There was the bullpen, the league’s best since Kelvim Escobar dropped in unannounced.

Taking over for Lackey in the seventh inning Monday, Escobar gave up a homer in two innings, then sat down to watch Frankie Rodriguez fool the A’s into a grounder and two strikeouts to finish it.

“Every time I take the mound, it feels like the playoffs to me,” Rodriguez said.

Then there was the thing that pulls it all together, the league’s best defense, highlighted by Chone Figgins’ quick throw and Darin Erstad’s scooping catch of Jay Payton’s slow grounder in the ninth.

“Our pitching and defense has been solid ... no, that’s too vanilla, they have been terrific,” said Scioscia, refusing vanilla for one of the first times in his career.

There was also an appearance by the endangered power-hitting of

He has been awful this year, bad hacks, poor numbers, an aging game.
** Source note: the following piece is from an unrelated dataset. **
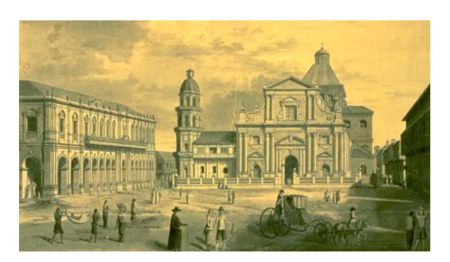
Fig. 2: Intramuros, 1792. On the left side of the Manila is the Ayunatmiento, on the opposite side is the Palacio del Gobernador, the two symbols of Spanish power in the Philippines.

If in all of Spain's empire the church was the most important institutional element, such a situation was most notably true in the Philippines. Nowhere else was a native people Christianized so rapidly, and nowhere else did the missionaries lead so conspicuously in fashioning the culture of an indigenous population.<sup>6</sup>

But now that it really counts, well, he drove a Joe Blanton pitch over the right-field fence for his second homer in his last three starts.

Just like last year with the Dodgers. Not at all a coincidence.

“This is the fun time of year for me,” Finley said.

Then there was, finally, that rare visible Scioscia fire.

The manager never makes much of a scene during games. For him, an act of inspirational spontaneity consists of taking off his red jacket.

“As a manager, you have to detach yourself from the emotion and remain calm,” Scioscia said. “It’s difficult at time. It’s very difficult at times.”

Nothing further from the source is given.